(EXERCISE):
Transcribe the lines below verbatim, skipping the images.

(INFORMATION SUPPLIED):

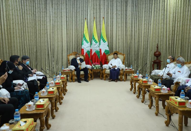နိုင်ငံတော်စီမံအုပ်ချုပ်ရေးကောင်စီ ဥက္ကဋ္ဌ၊ တပ်မတော်ကာကွယ်ရေးဦးစီးချုပ် ဗိုလ်ချုပ်မှူးကြီး မင်းအောင်လှိုင် သည် ဘရူနိုင်း ဒါရူဆလမ်နိုင်ငံ၊ နိုင်ငံခြားရေးဝန်ကြီး H.E. Dato Erywan Pehin Yusof နှင့် အာဆီယံ အတွင်း ရေးမှူးချုပ် H.E. Dato Lim Jock Hoi တို့အား ယနေ့နံနက်ပိုင်းတွင် နိုင်ငံတော် စီမံအုပ်ချုပ်ရေး ကောင်စီဥက္ကဋ္ဌရုံး သံတမန်ဆောင်၊ ဧည့်ခန်းမ ၌လက်ခံတွေ့ဆုံသည်။
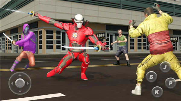 1. 玩家将与街头的犯罪分子展开激烈的战斗。通过点击攻击按钮,使用魔鬼忍者刀进行攻击。
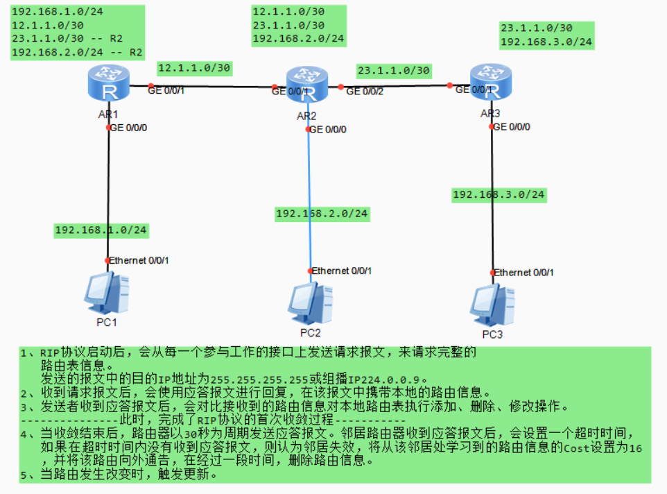 周期更新:设备没经过30秒,会将本地路由表附带在应答报文中向外发送;保活和确认。

(SOLUTION TO THE PROBLEM):
နိုင်ငံတော်စီမံအုပ်ချုပ်ရေးကောင်စီ ဥက္ကဋ္ဌ၊ တပ်မတော်ကာကွယ်ရေးဦးစီးချုပ် ဗိုလ်ချုပ်မှူးကြီး မင်းအောင်လှိုင် သည် ဘရူနိုင်း ဒါရူဆလမ်နိုင်ငံ၊ နိုင်ငံခြားရေးဝန်ကြီး H.E. Dato Erywan Pehin Yusof နှင့် အာဆီယံ အတွင်း ရေးမှူးချုပ် H.E. Dato Lim Jock Hoi တို့အား ယနေ့နံနက်ပိုင်းတွင် နိုင်ငံတော် စီမံအုပ်ချုပ်ရေး ကောင်စီဥက္ကဋ္ဌရုံး သံတမန်ဆောင်၊ ဧည့်ခန်းမ ၌လက်ခံတွေ့ဆုံသည်။
 1. 玩家将与街头的犯罪分子展开激烈的战斗。通过点击攻击按钮,使用魔鬼忍者刀进行攻击。
 周期更新:设备没经过30秒,会将本地路由表附带在应答报文中向外发送;保活和确认。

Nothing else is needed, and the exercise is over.